1. Field of the Invention
The present invention relates to a switching device that controls a large amount of current, the switching device including a power-switching element such as a switching transistor, and more particularly to such a switching device used for controlling operation of a motor-assisted steering device.
2. Description of Related Art
An example of a conventional power-switching device is shown in FIG. 7. A switching element 131, such as a power-MOS-FET or an IGBT, is mounted on a heat-sink block 181 having a flat mounting surface 182. A connecting lead 131b led out from the switching element 131 is electrically connected to a printed circuit board 161 by soldering. Heat generated in the switching element 131 is dissipated through the heat-sink block 181. Another example of this kind of power-switching device is disclosed in JP-A-2000-203437. This power-switching device is used in a circuit for controlling a motor-assisted steering device for an automotive vehicle.

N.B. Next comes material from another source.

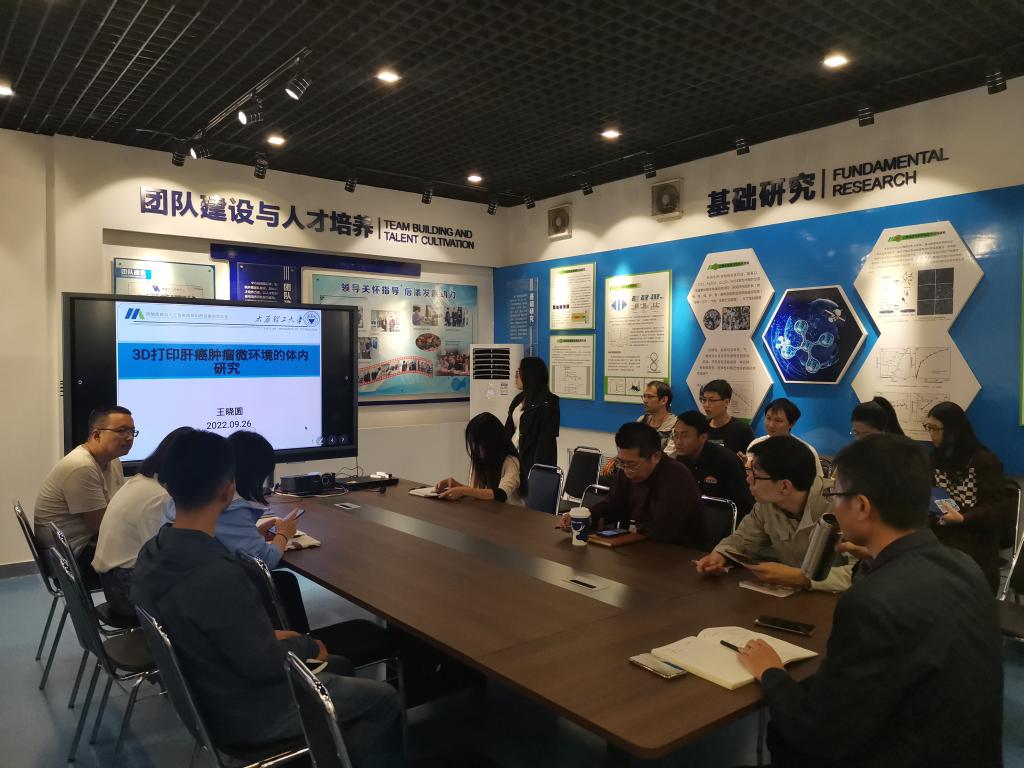 本次学术报告人为王晓圆博士,汇报的内容是3D打印肝癌肿瘤微环境的体内研究。王晓圆博士结合近期较高水平的论文,阐述了当前3D打印肝癌肿瘤微环境体内研究的最新进展。随后基于文献中体内研究的实验方法,提出所设计肿瘤的体内研究具体实验方案,表明3D肝癌肿瘤微环境模型具有较强的致瘤性。通过介绍相关领域的研究成果,帮助大家更好了解了3D打印肝癌肿瘤微环境的原理与应用价值。参会的各位老师同学就报告内容进行了热烈的讨论。

A semiconductor switching element is mounted on a surface of a metallic substrate connected to a heat-sink.
In the conventional switching device shown in FIG. 7, a large amount of current, e.g., 40–80 amperes, flows through the connecting lead 131b. The switching element 131 is mounted on the flat mounting surface 182 that is parallel to the printed circuit board 161, and a space for clearing a thickness of the switching element 131 and a height of a mounting screw has to be provided between the flat mounting surface 182 and the printed circuit board 161. Therefore, the connecting lead 131b has to be long enough to cover the space. Accordingly, heat is generated in the connecting lead 131b by a large amount of current flowing therethrough. Especially, the heat is generated in a portion of the connecting lead 131b having a small cross-sectional area.
In the power-switching device disclosed in JP-A2000-203437, a power-switching element is mounted on a metallic substrate and other electronic components are mounted on another circuit substrate. Therefore, two substrates are required and both substrates have to be electrically connected to each other. Accordingly, the structure of the power-switching device becomes complex and its manufacturing cost becomes high. Further, though the metallic substrate has a high heat-dissipation ability, only a single layer circuit can be printed on the metallic substrate, and therefore it is unavoidable that a circuit impedance becomes high, accompanied by generation of higher noises.